His Excellency President Olusegun Obasanjo

At the Maiden Opening Ceremony of the African Forum on Religion & Government (AFREG)

AbujaNigeria, July 25, 2006

 

PROTOCOL


On behalf of the people and Government of the Federal Republic of Nigeria, I welcome you to the first outing of the African Forum on Religion and Government (AFREG I).

 

AFREG I, I understand, is planned to “be a continental consultation of African Christian thinkers and leaders” with the purpose “to build a movement of African leaders of integrity who are committed to transforming Africa into a first world continent shaped by God-centered moral values”. There is no doubt that an initiative of this nature is timely.

 

The potential of our continent, the very home of mankind and of the earliest civilisation, has never been in doubt.

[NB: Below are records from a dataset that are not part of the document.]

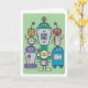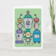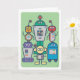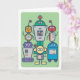 Les robots sont là ! Encourager une passion pour la science. Illustration amusante de 6 robots aux formes, couleurs et regards différents. Cette carte est une image numérique de papier peint à la main. Les couleurs comprennent ardoise foncée, vert menthe, marguerite rose, bleu ciel clair, cartons brun, or brillant, parchemin, chardon pourpre, rouge, lierre bleu, brosse à sagebrush violet, blanc fantôme, orange foncé, vert terre et argent. Intérieur : Vide pour toutes les occasions.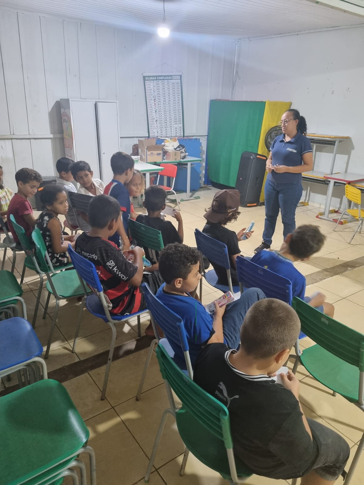 Trabalho intersetorial com CRAS junto ao programa ser família. Foram abordados os seguintes temas: condicionalidades do programa, a importância do cadastro atualizado e assinatura dos relatórios. Foi anunciada a data para matrícula das oficinas no serviço de convivência (09/12/25) e também realizada entrega de cestas básicas.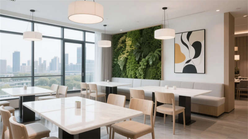 從大堂至客房,落地窗最大限度引入天光,中性色調(diào)與淺木元素構成溫暖基底。餐廳與酒吧的開放式布局促進社交,而水療中心的弧形理療床和間接光源則傳遞靜謐療愈力。健身房與泳池區(qū)通過鏡面、綠植墻和通透玻璃,模糊室內(nèi)外界限。走廊的設計進一步強化了空間的連貫性——隱藏式燈帶如星辰鋪路,藝術點綴升華細節(jié)品味,每一步都沉浸于流動的簡約詩意中。整個項目摒棄冗余裝飾,用材質(zhì)本真與光影敘事,在合肥城市肌理中打造出一處“寧靜的歸心之所”。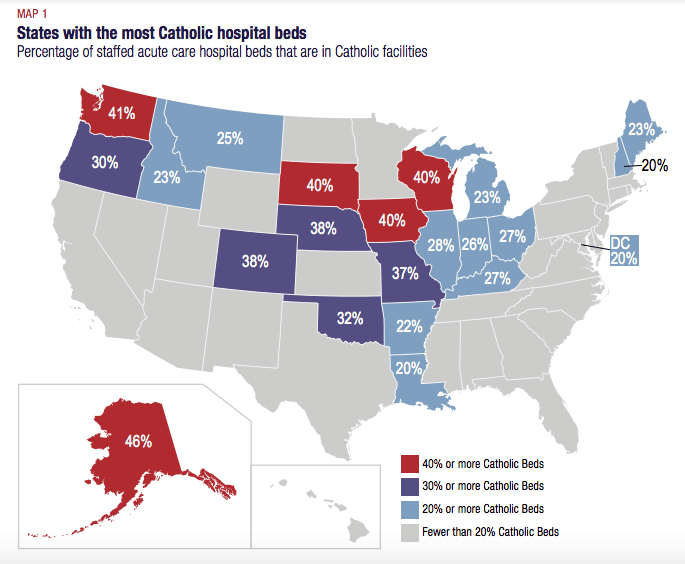 The Catholic Health Association claims that one in seven patients in the U.S. go through their hospitals. A 2020 report from Community Catalyst found that in plenty of states, their systems make up a substantial percentage of all hospitals. This is not just something that impacts Catholics, nor only red states. Almost a third of all hospital beds in Oregon are run by the church. In Washington, it's over 40 percent, as it is throughout much of the Midwest.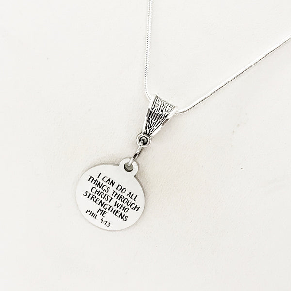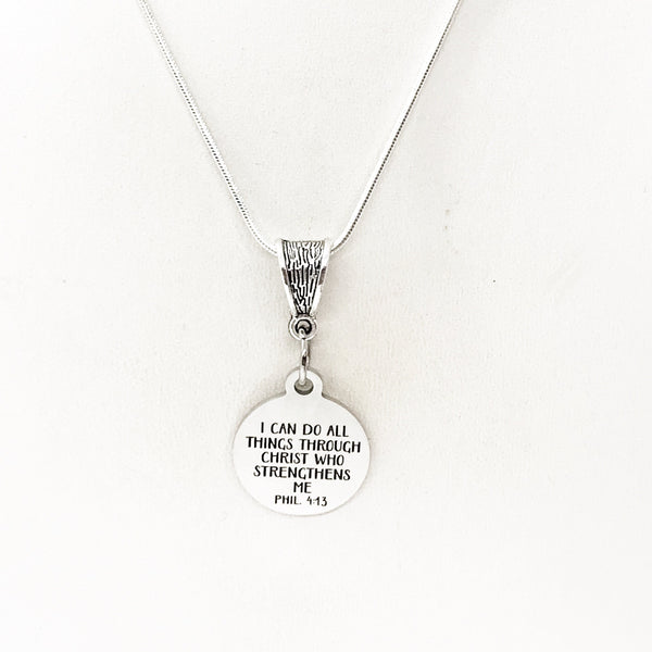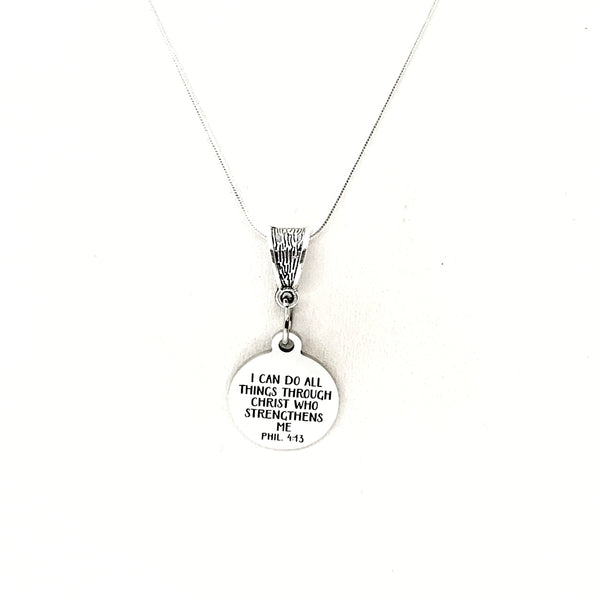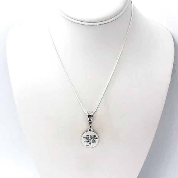 This is a stainless steel laser engraved pendant on a silver-plated snake chain. The pendant has "I can do all things through Christ who strengthens me" from Philippians 4:13 on it. This pendant is available on your choice of 16, 18, 20, 22, 24, 26, 28 or 30 inch chain. The pendant is also available for individual purchase if you have another chain on which you would like to wear it.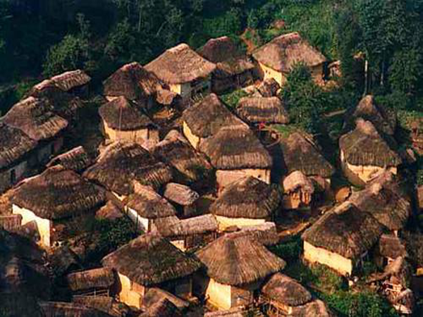蘑菇房,顾名思义,它状如蘑菇。房子的墙基用石料或砖块砌成,地上地下各有半米,在其上用夹板将土舂实一段段上移垒成墙,最后屋顶用多重茅草遮盖成四斜面。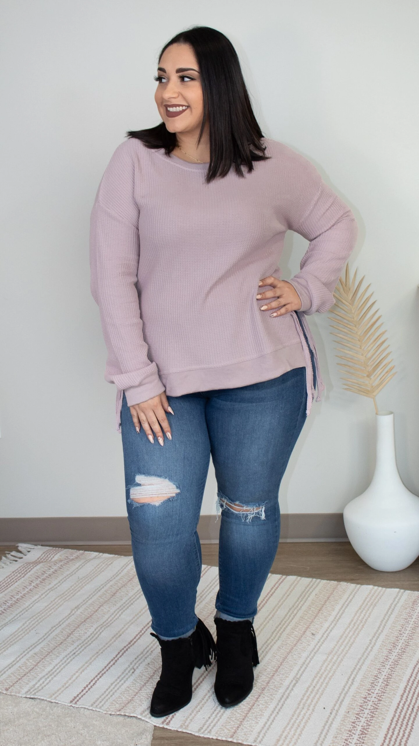 The Fond Of Fiji Top is so sassy with the side details! This top is a waddle knit material and features a round neck! Perfect to pair with denim and booties to finish off the look!

Yet too often, whether as decision makers, or as politicians, or an commentators, and even as friends of Africa, we have had cause to lament that Africa has been unable to confront adequately the challenges of development. If all that AFREG achieves is to go back to the root causes of the conundrum of African development as it relates to lack of capacity and the obscene gap between promise and performance, that, by itself, would have been enough justification for this conference.

 

To confront the crisis of African under-development head-on, the ethics of development have to be better appreciated by decision makers for the whole basis of development is ethical. It is a reflection of the ethics of responsibility, of a sense that one is not only on this planet to consume, but is, primarily, also in partnership with his Maker, a producer. And if there is one thing Africa needs more than anything else, it is a return to the ethic of production; the ethic of craftsmanship; the imperishable signature of the worker in the community.

 

The point has been canvassed by some scholars that the African crisis is a cultural one, arising largely from the discontinuities in our indigenous, organic response to the challenges of existence which the supremely violent nature of slave trade unleashed on our psyche and reflexes. My attitude to such analysis is that even if there were correct, we must move on. No doubt, we much come to terms with the unrelenting trauma of 500 years of slave trade, but I am certain that God Almighty, whose grace and love have no bounds, has given us the capacity of recovery which we are yet to draw on from with adequate enthusiasm.

 

The healing is long overdue. We must now pull into the depths of our soul and find a meaningful response to the disorientation that screams at us everyday, everywhere. We must find those kinds of strengths which only the abused and the victimised can recognise.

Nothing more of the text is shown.